Information provided:
::::

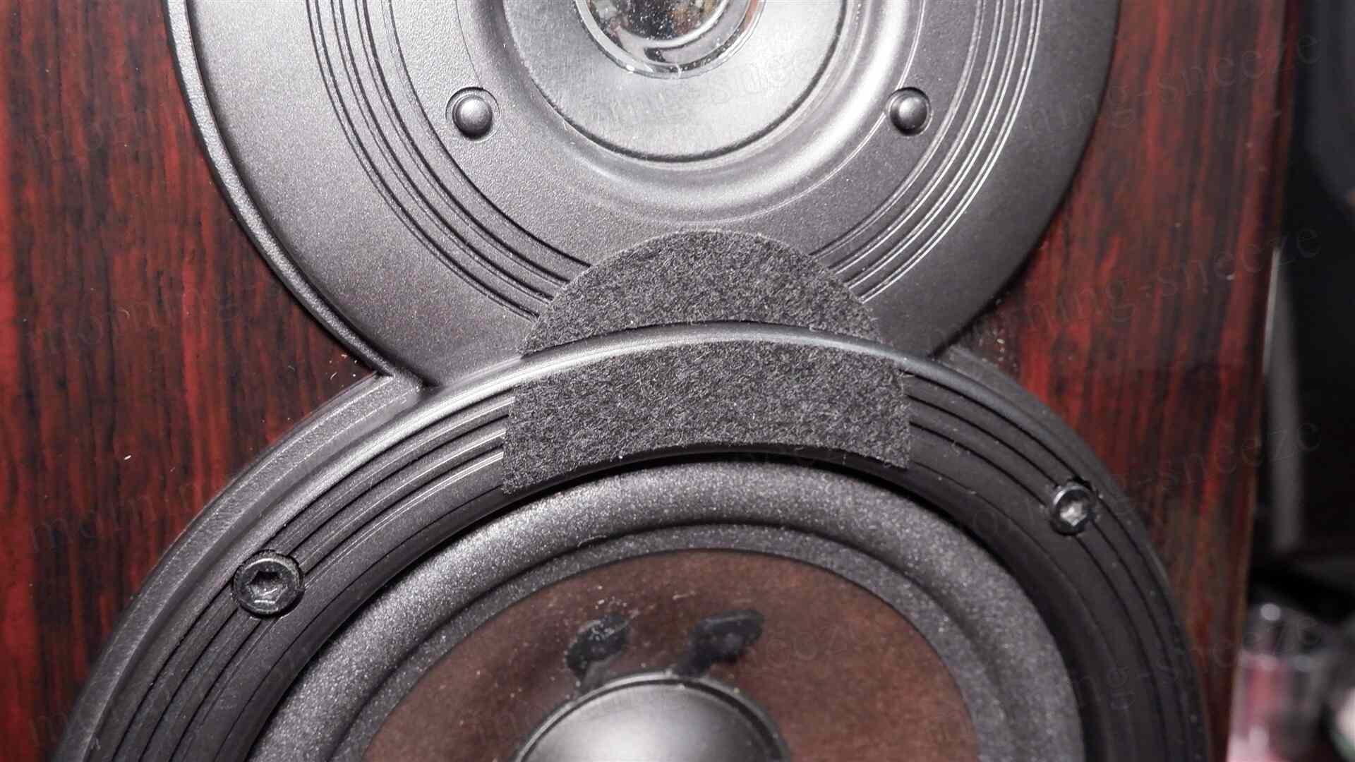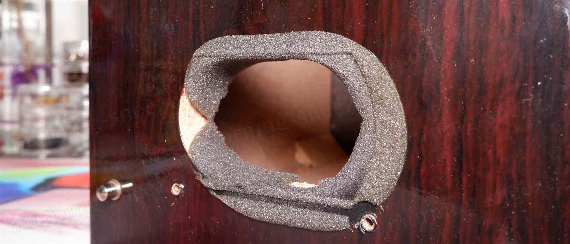 このツイーターユニットはオリジナルと同じネジ2点留めで、孔の位置も同じ。しかし単純に交換するだけとはいかない。バッフルに開けられた既存の穴は直径52mm強なのに対し、新しいユニットは51mmと微妙に小さく、そのまま固定するとバッフルとドライバー外周部とのあいだにわずかに隙間ができるためだ。
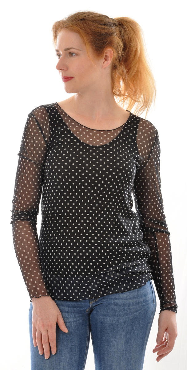 Netztüll Langarmshirt mit U-boothalsausschnitt aus feinem, transparentem Seiden- Netzwirk aus 100% Bio Seide.
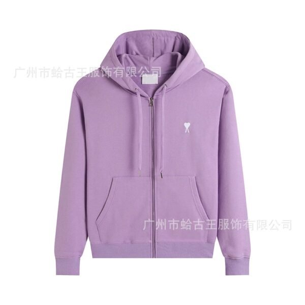 AMI Love Simple Style Purple Hoodie, from the trendy brand AMI. This purple hoodie is made of high-quality fabric with excellent craftsmanship. The simple style shows personality, and it is comfortable and fashionable. As a popular item in the brand series, it has an excellent reputation. Whether paired with casual pants or jeans, it can easily create a trendy look. It is a must-have item in the wardrobe of fashionistas.
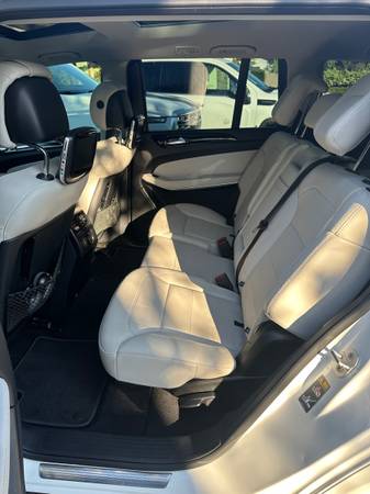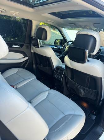 Excellent condition white Mercedes gls 550. Lady driven, immaculate condition. White leather seats, power chairs. Front seats have heat and cooling options. Tv screens with headphones. Can have third row seats or larger trunk space. Optional sun screens for middle seats. Fast and comfortable car to drive.

::::

Output only the lines that run from the line containing "Netztüll Langarmshirt mit" to the last line of the data, exactly as they stand and without pictures.

 Netztüll Langarmshirt mit U-boothalsausschnitt aus feinem, transparentem Seiden- Netzwirk aus 100% Bio Seide.
 AMI Love Simple Style Purple Hoodie, from the trendy brand AMI. This purple hoodie is made of high-quality fabric with excellent craftsmanship. The simple style shows personality, and it is comfortable and fashionable. As a popular item in the brand series, it has an excellent reputation. Whether paired with casual pants or jeans, it can easily create a trendy look. It is a must-have item in the wardrobe of fashionistas.
 Excellent condition white Mercedes gls 550. Lady driven, immaculate condition. White leather seats, power chairs. Front seats have heat and cooling options. Tv screens with headphones. Can have third row seats or larger trunk space. Optional sun screens for middle seats. Fast and comfortable car to drive.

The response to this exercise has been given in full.